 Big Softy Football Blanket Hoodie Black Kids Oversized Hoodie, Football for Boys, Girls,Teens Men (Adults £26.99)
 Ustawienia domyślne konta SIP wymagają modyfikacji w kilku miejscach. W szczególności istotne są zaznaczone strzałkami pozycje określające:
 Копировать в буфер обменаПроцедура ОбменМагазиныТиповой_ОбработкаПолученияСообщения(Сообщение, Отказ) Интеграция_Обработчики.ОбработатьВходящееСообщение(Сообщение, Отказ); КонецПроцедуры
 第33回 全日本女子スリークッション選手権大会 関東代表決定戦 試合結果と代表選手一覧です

--

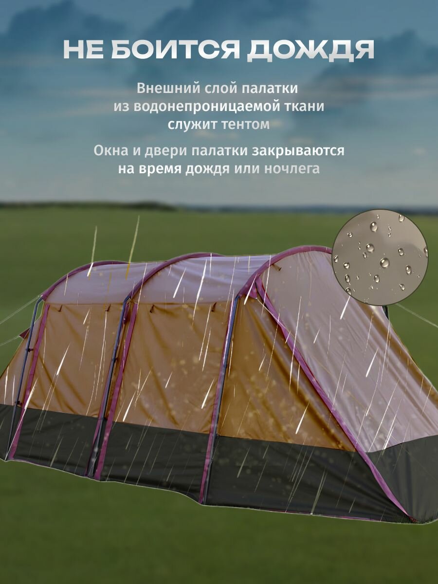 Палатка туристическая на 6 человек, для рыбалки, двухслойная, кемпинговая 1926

---

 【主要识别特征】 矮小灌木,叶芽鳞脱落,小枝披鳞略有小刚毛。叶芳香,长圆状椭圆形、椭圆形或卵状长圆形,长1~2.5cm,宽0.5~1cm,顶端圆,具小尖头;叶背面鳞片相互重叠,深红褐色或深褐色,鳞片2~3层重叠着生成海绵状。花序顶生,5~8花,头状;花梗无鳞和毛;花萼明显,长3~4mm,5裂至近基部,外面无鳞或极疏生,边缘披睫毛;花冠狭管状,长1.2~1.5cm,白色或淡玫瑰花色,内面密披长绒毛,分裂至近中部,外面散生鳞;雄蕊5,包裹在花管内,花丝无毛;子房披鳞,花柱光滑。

### WORK ITEM
The response should be the listing above, limited to the lines between the one holding "Копировать в буфер" and the one holding "第33回 全日本女子スリークッション選手権大会 関東代表決定戦", inclusive, reproduced exactly.

### REPLY TO THE TASK
 Копировать в буфер обменаПроцедура ОбменМагазиныТиповой_ОбработкаПолученияСообщения(Сообщение, Отказ) Интеграция_Обработчики.ОбработатьВходящееСообщение(Сообщение, Отказ); КонецПроцедуры
 第33回 全日本女子スリークッション選手権大会 関東代表決定戦 試合結果と代表選手一覧です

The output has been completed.